The workshop addressed five major topics in stellar atmospheres research:
Spectrum synthesis codes
Radiation hydrodynamics codes
Atmospheric parameters, abundance, metallicity, and chemical tagging studies
Large spectroscopic surveys
New atomic database
The workshop presentations discussed various important scientific issues by comparing detailed model spectra to identify differences that can influence and bias the resulting atmospheric parameters. Theoretical line-blanketed model spectra were compared in detail to high-resolution spectroscopic observations. Stellar spectra computed (i.e., in the Gaia Radial Velocity Spectrometer wavelength range) with 1-D model atmosphere structures were mutually compared, but also to 3-D models from advanced radiation hydrodynamics codes. Atmospheric parameters derived from spectrum synthesis calculations assuming Local Thermodynamic Equilibrium (LTE) were evaluated against more sophisticated non-LTE models of metal-poor stars and the extended atmospheres of giants and supergiants. The workshop presented an overview of high-resolution synthetic spectral libraries of model spectra computed with the synthesis codes. The spectral model grids will be utilized to derive stellar parameters with the Discrete Source Classifier Algorithms currently under development in the Gaia DPAC consortium
(http://www.rssd.esa.int/index.php?project=GAIA&page=DPAC_Introduction).

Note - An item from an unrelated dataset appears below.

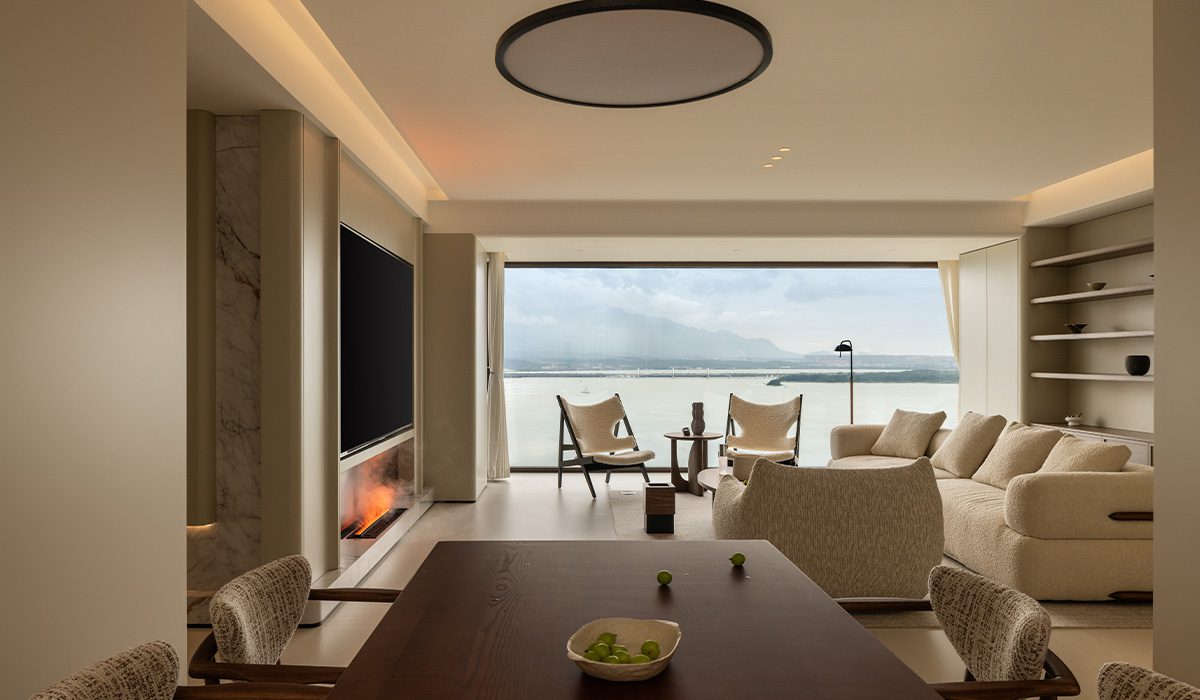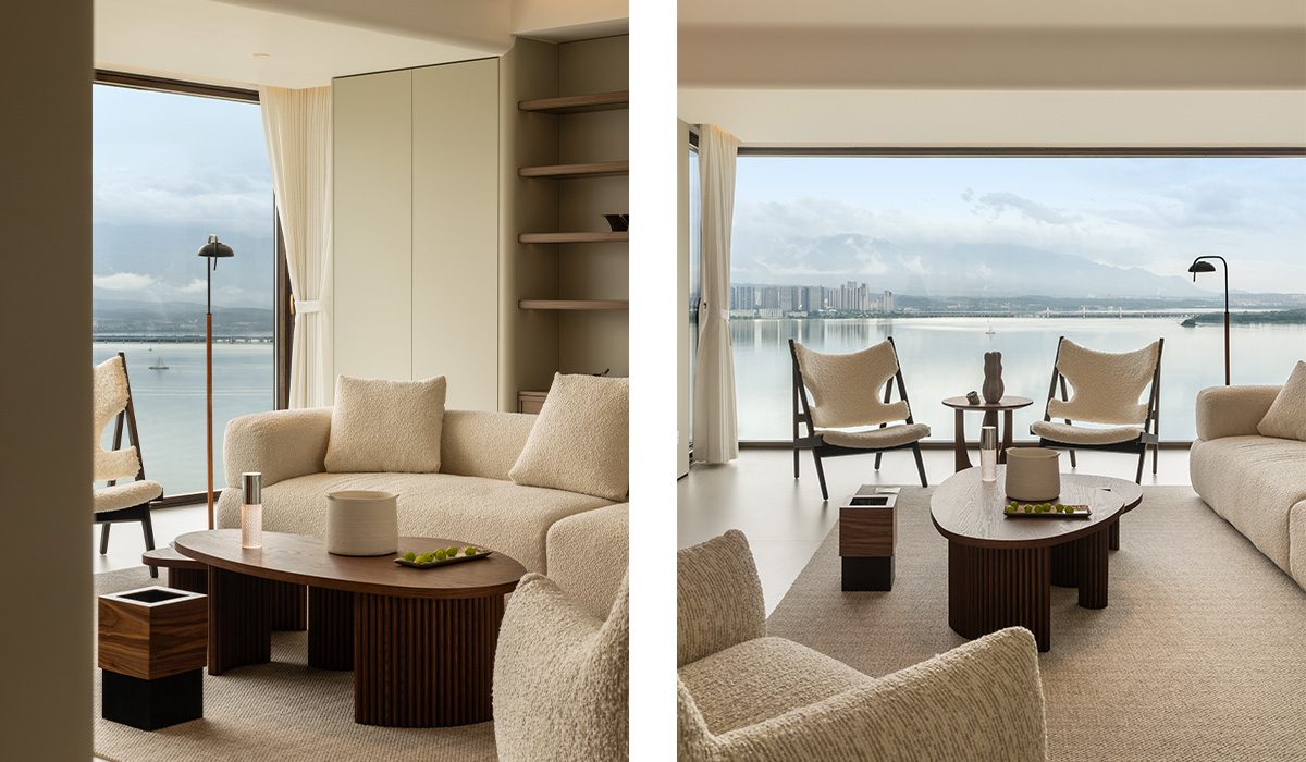 本案最大的亮點在於其無遮擋的地理優勢。為了不浪費這一眼望去的治癒湖景,設計師決定以窗戶為核心延伸設計。
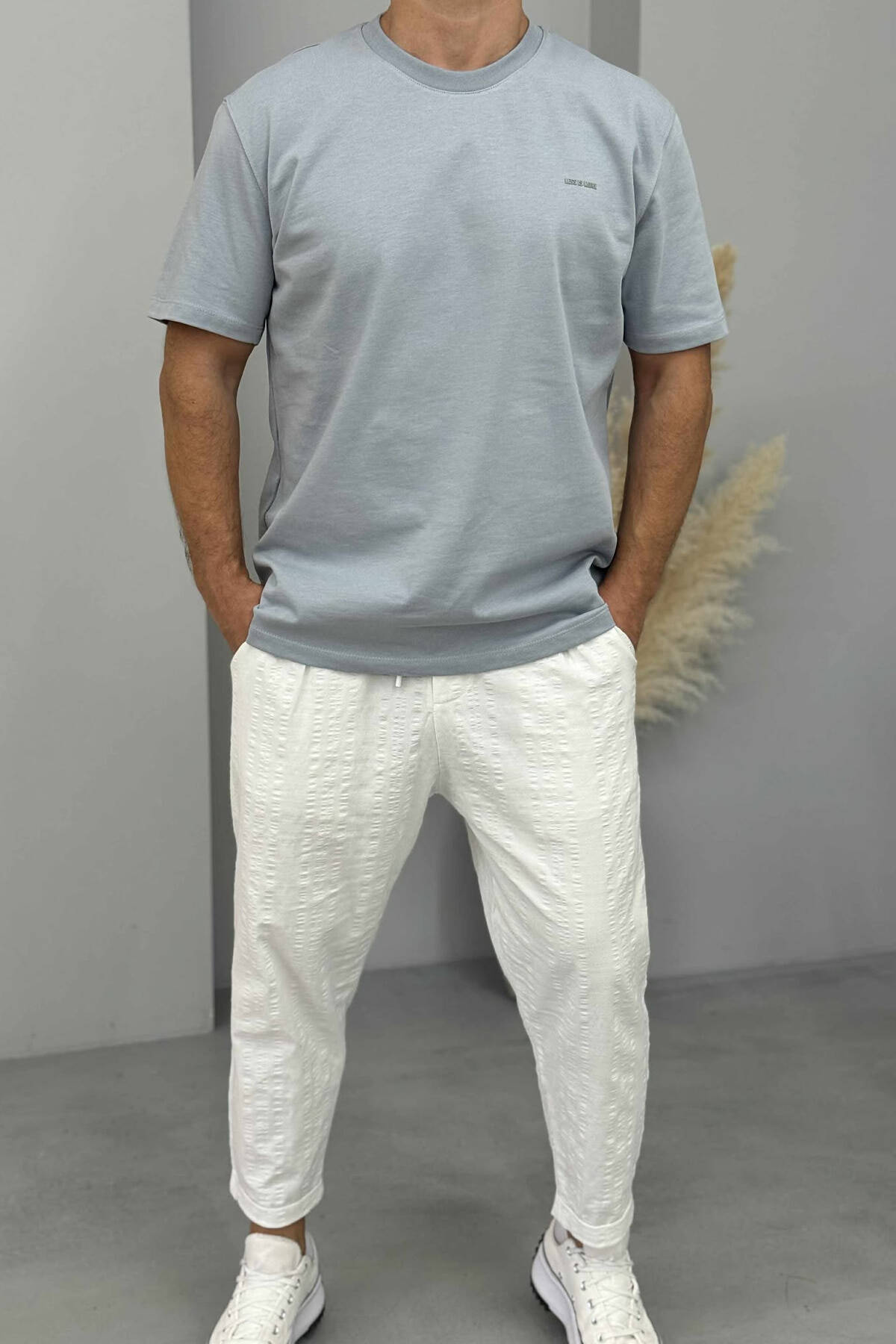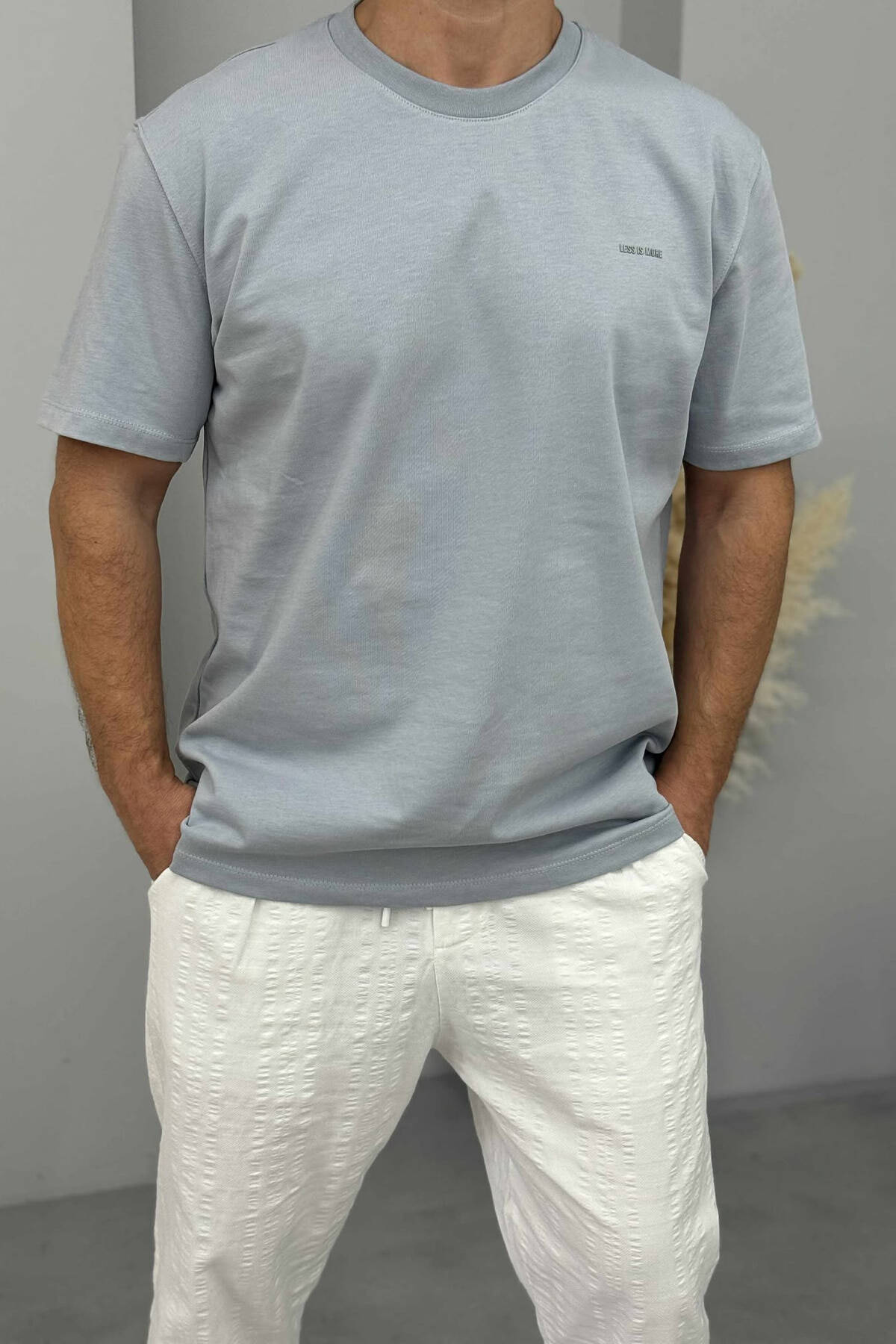 T-SHIRT I THJESHTË ME SHKRIME PËR MESHKUJ NË NGJYRËN BLU E ZBARDHUR

They are implemented for training Gaia data analysis algorithms for the classification of a wide variety of hot and cool star types; FGK and M stars, OB stars, white dwarfs, red supergiants, peculiar A and B stars, carbon stars, ultra cool dwarfs, various types of emission line stars, Be stars, Wolf–Rayet stars, etc. A substantial number of oral and poster presentations discussed different techniques for measuring the abundance of various chemical elements from stellar spectra. The presented methods utilize spectra observed with large spectral dispersion, for example for accurately measuring iron, carbon, and nitrogen abundances. These methods are important for ongoing development and testing of automated and supervised algorithms for determining detailed chemical composition in tagging studies of large (chemo-dynamical) spectroscopic surveys planned to complement the Gaia (astrometric and kinematic) census of the Galaxy.
The complete scientific programme is available here.
The workshop website also offers the presentation viewgraphs (in PDF format) and some nice photographs of the talks and
poster breaks http://great-esf.oma.be/program.php. The papers presented at the workshop and collected here have
been edited by A Lobel, J-P De Greve, and W van Rensbergen. The Proceedings essentially follow the order of presentation
during the conference program, divided into cool and hot stars (oral papers are followed by poster papers). It also
offers a review paper about new research results presented at the conference, including a record of the main discussion
sessions. 27 papers passed through the peer review process. The manuscripts were submitted before 15 September 2011 and
accepted by the referees before 1 November 2011. We would like to thank the reviewers for their constructive criticism
during the preparation of this Volume. It has 225 pages by 27 authors and 135 co-authors, and includes 114 color figures
and 21 tables. The articles are freely available at http://iopscience.iop.org/1742-6596/328/1.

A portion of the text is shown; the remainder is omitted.